Master Classes
Take Your Practice Further
Master Classes at Anderson Ranch Arts Center are highly selective, limited-enrollment workshops which provide advanced students with even greater access to world-renowned artists and educators. These rigorous classes are geared toward professional and committed artists who want to take their work to the next level with mentoring from master teachers, but who may not have the time for a years-long committed mentorship or residency. In the interest of continuity, some Master Classes also offer additional virtual sessions following the in-person summer workshop. Master classes require a portfolio review for admission.
Concentrating on aesthetic, technical and conceptual development, classes specifically address how to improve one’s work through group discussions, individual sessions with the instructor and studio time. Students dive deeply into the dynamics of their art-making and medium. The goal is to unleash a student’s potential with rigor and exploration, direction and critique. Our Master Classes are a dynamic new offering as well as an essential addition to our artistic programs.
2023 Master Class Faculty

Linda Geary
Linda Geary is professor/chair of painting at California College of the Arts in San Francisco.
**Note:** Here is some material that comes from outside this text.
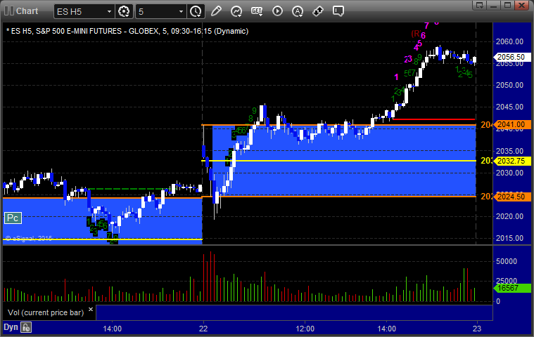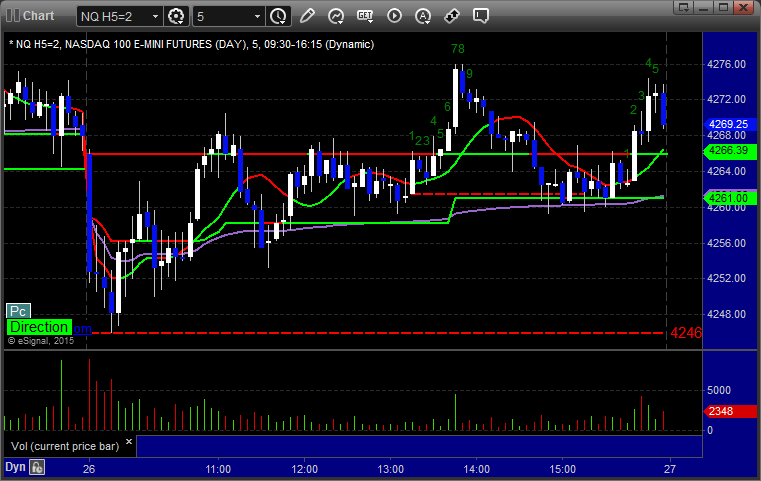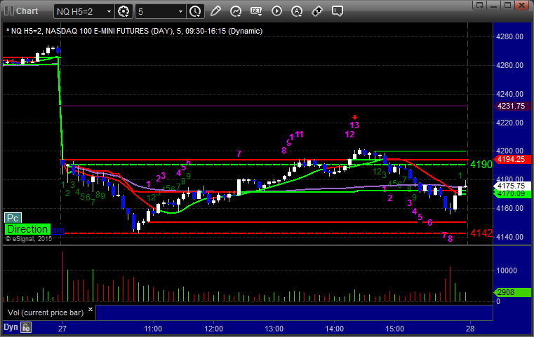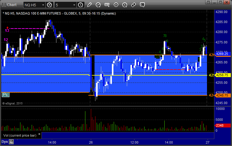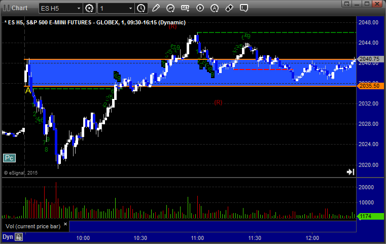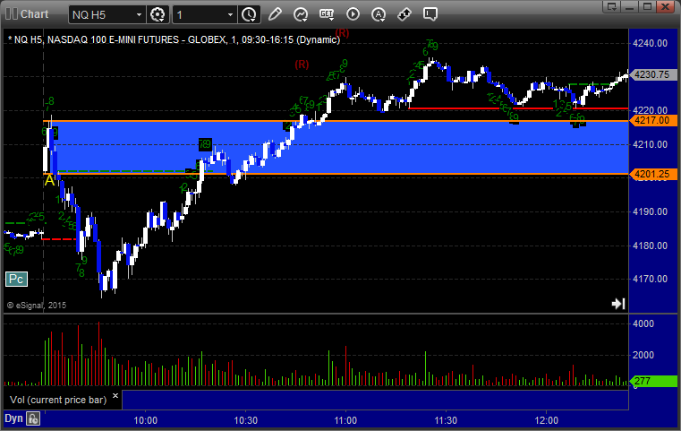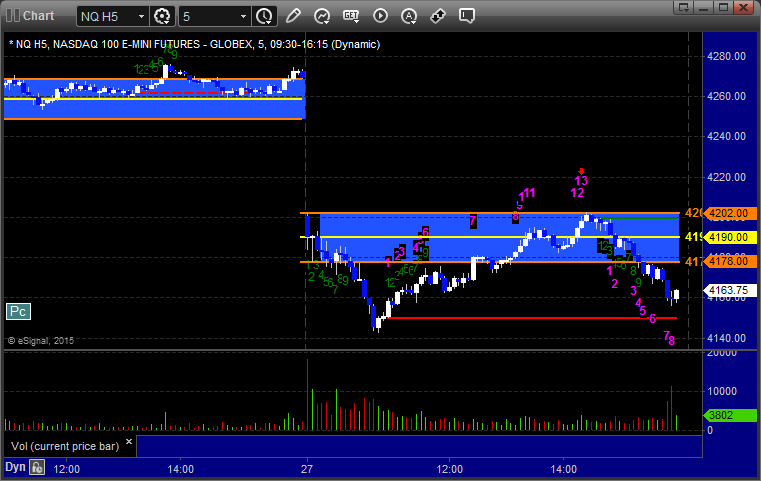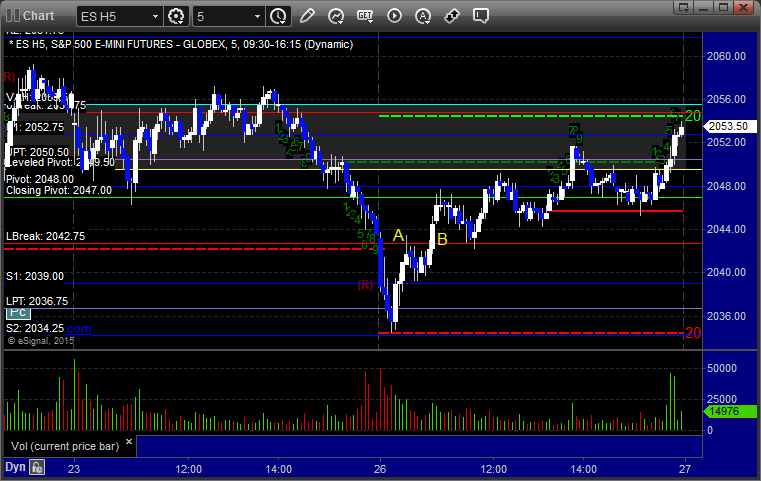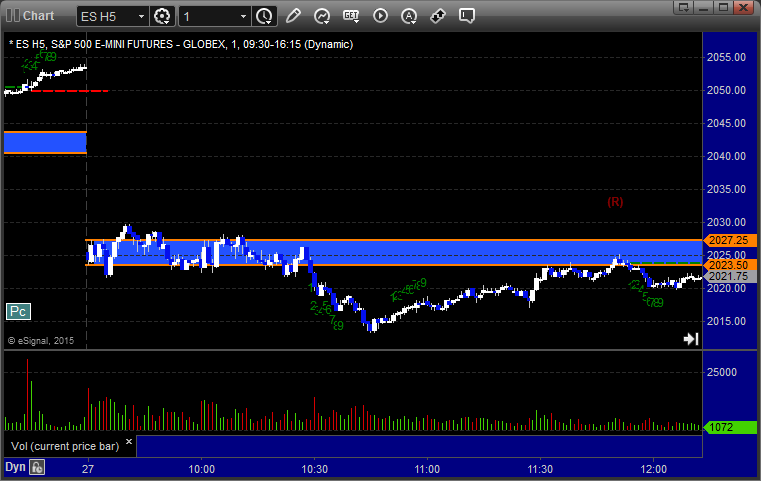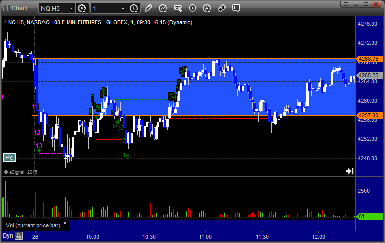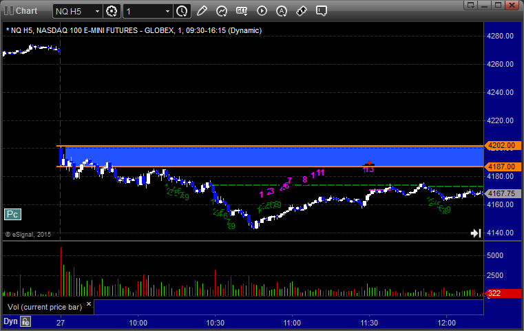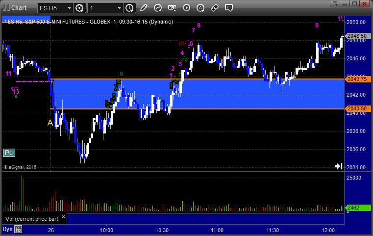 The markets moved lower early and then recovered, but we got a horrible volume number after the first hour due to the storm back East. The ES Opening Range play worked a little (see that section below) and then we had small gains on a separate ES call that stopped once and worked a second time. NASDAQ volume was only 1.5 billion shares and should be worse Tuesday with the storm really hitting overnight tonight.

Her permanent mosaic, River, was installed at the San Francisco International Airport in 2021. Linda is a painter who lives and works in Oakland.

Kris Graves
Kris Graves is an artist and publisher based in New York and California. He creates artwork that deals with societal problems and uses art as a means to inform people about cultural issues. Using a mix of conceptual and documentary practices, he photographs the subtleties of societal power and its impact on the built environment, exploring how capitalism and power have shaped countries—and how that can be seen and experienced in everyday life.

Brent Howard
Brent Howard is a sculptor based out of the Woodlands, Texas. His recent work examines the alchemic notion of environment and materiality, along with their storied past and present state, to transmute the past, within the auratic present. Howard’s most recent work explores the essence of individual materiality and poiesis through alabaster, marble, metal, and fiberglass. He was core faculty in the Sculpture department at the Yale School of Art and taught at Skowhegan Artist Residency as well as longtime assistant to Louise Bourgeois.

Whitney Johnson
Whitney Johnson is the director of visuals and immersive experiences at National Geographic. Prior to joining the magazine, she was the Director of Photography at The New Yorker, where her work was widely recognized, earning awards from the American Society of Magazine Editors, Awards of Excellence from the Society of Publication Designers, and a Peabody.

Liz Larner
Liz Larner attended the California Institute of the Arts, where she received her BFA. An inventor of new forms, she explores and extends the conditions and possibilities of sculpture in her work, which has been presented in numerous solo museum exhibitions. Liz was recently the subject of two major exhibitions, Don’t put it back like it was, at the Walker Art Center, Minneapolis, and Sculpture Center, Long Island City, and below above, at Kunsthalle Zürich.

Meleko Mokgosi
Meleko Mokgosi—born in Francistown, Botswana and living and working in Wellesley, MA—is an artist, Associate Professor and director of graduate studies at the Yale School of Art, and director of the Interdisciplinary Art and Theory Program. He received his MFA from the Interdisciplinary Studio Program at the University of California Los Angeles in 2011. He participated in the Rauschenberg Residency at the Robert Rauschenberg Foundation, Captiva, FL in 2015, and the Artist in Residence Program at the Studio Museum in Harlem, New York, NY in 2012.

Judy Pfaff
Judy Pfaff creates work that spans disciplines and eschews definition, and is often cited as a pioneer of installation-art. She has received many awards including the International Sculpture Center’s Lifetime Achievement Award (2014), the MacArthur Foundation Award (2004), and the Guggenheim Fellowship (1983). Judy lives and works in Tivoli, New York.

Brian Shure
Master Printer and Director, Anderson Ranch Editions
Brian Shure is represented by Planthouse Gallery in New York, where he curated the 2018 show Bathing. He has taught at RISD, Brown and Cornell and conducted classes in China, Japan, Mexico & Germany. He is Master Printer, Director of Anderson Ranch Editions at Anderson Ranch.

Dr. Deborah Willis
Deborah Willis is a professor and Chair of the Department of Photography and Imaging at New York University and director of NYU’s Center for Black Visual Culture. She teaches courses on photography and imaging, iconicity, and cultural histories visualizing the black body, women, and gender. Her research examines photography’s multifaceted histories, visual culture, photographic history of slavery and emancipation, contemporary women photographers, and beauty.